• **Exercise**
A faithful transcription of all the entries below is needed, without the pictures.

• **Provided data**

--------

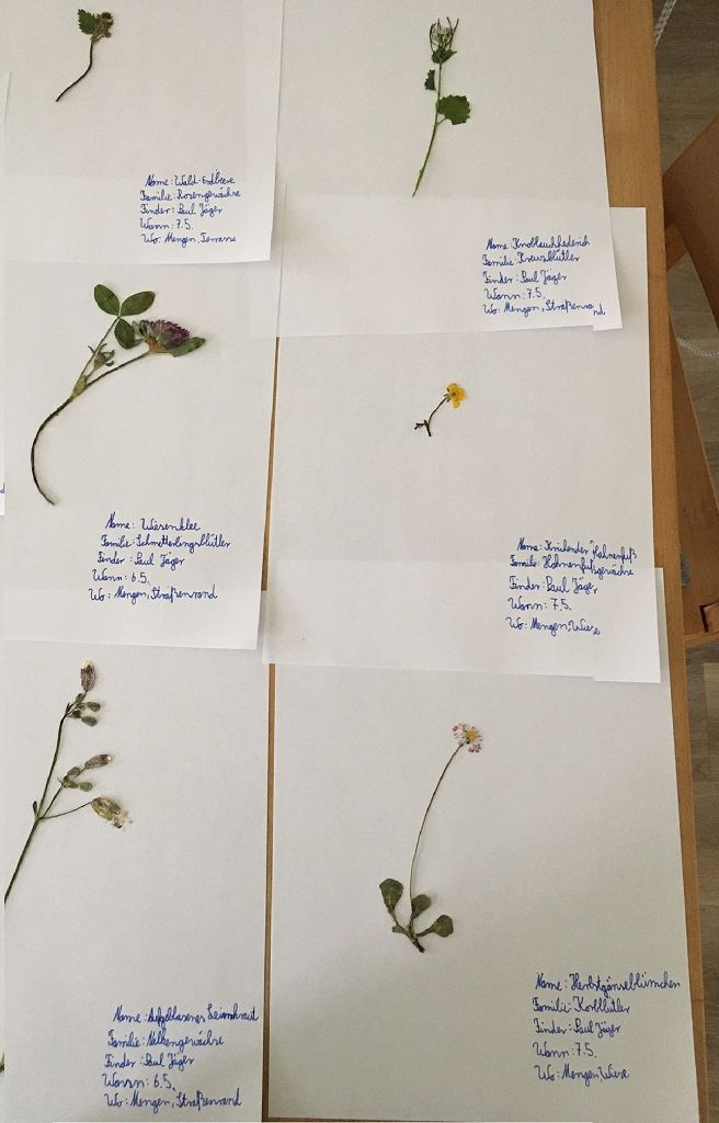 Damit das wissenschaftliche Arbeiten auch im Fernunterricht nicht zu kurz kommt, machten sich die Schüler der Klasse 5b auf die Suche nach echten Blütenpflanzen, um diese mit Hilfe eines Bestimmungsschlüssels und einer App den richtigen Familien zuzuordnen und daraus ihr eigenes Herbar(ium) zu erstellen, eine Sammlung getrockneter Pflanzen.
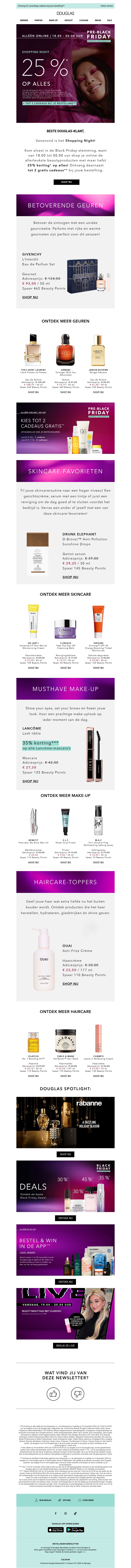 Mis de kans niet om te winkelen tijdens de Pre-Black Friday Shopping Night en krijg 25% korting op alles! Ontdek exclusieve deals op populaire beautyproducten, parfum en huidverzorging. Deze speciale avond biedt je de perfecte gelegenheid om te besparen op je favoriete merken. Zorg ervoor dat je op tijd bent en geniet van ongelooflijke aanbiedingen. Bezoek onze website voor meer details. Doe snel mee en profiteer van deze geweldige kortingen!
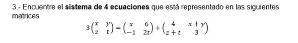 ¿Como encuentro el sistema de 4 ecuaciones de estas matrices?
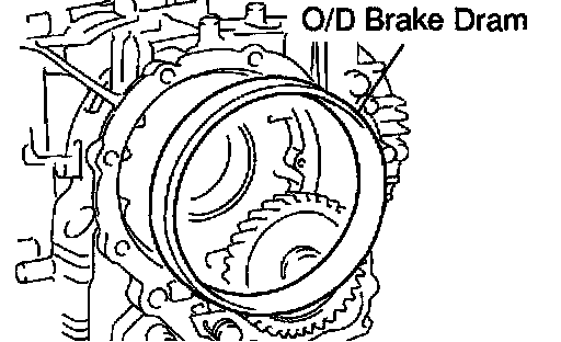 d. Remove the O/D brake drum from the transaxle case.
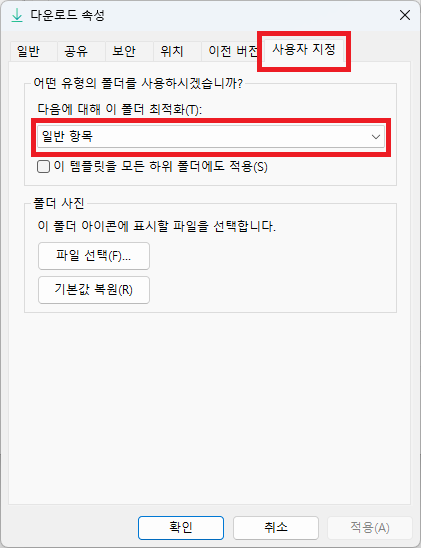 그럴 때는 해당 폴더 우클릭 후 '속성' > '사용자 지정' > '다음에 대해 이 폴더 최적화 항목'에서 일반 항목을 선택합니다.

--------

• **The answer**
 Damit das wissenschaftliche Arbeiten auch im Fernunterricht nicht zu kurz kommt, machten sich die Schüler der Klasse 5b auf die Suche nach echten Blütenpflanzen, um diese mit Hilfe eines Bestimmungsschlüssels und einer App den richtigen Familien zuzuordnen und daraus ihr eigenes Herbar(ium) zu erstellen, eine Sammlung getrockneter Pflanzen.
 Mis de kans niet om te winkelen tijdens de Pre-Black Friday Shopping Night en krijg 25% korting op alles! Ontdek exclusieve deals op populaire beautyproducten, parfum en huidverzorging. Deze speciale avond biedt je de perfecte gelegenheid om te besparen op je favoriete merken. Zorg ervoor dat je op tijd bent en geniet van ongelooflijke aanbiedingen. Bezoek onze website voor meer details. Doe snel mee en profiteer van deze geweldige kortingen!
 ¿Como encuentro el sistema de 4 ecuaciones de estas matrices?
 d. Remove the O/D brake drum from the transaxle case.
 그럴 때는 해당 폴더 우클릭 후 '속성' > '사용자 지정' > '다음에 대해 이 폴더 최적화 항목'에서 일반 항목을 선택합니다.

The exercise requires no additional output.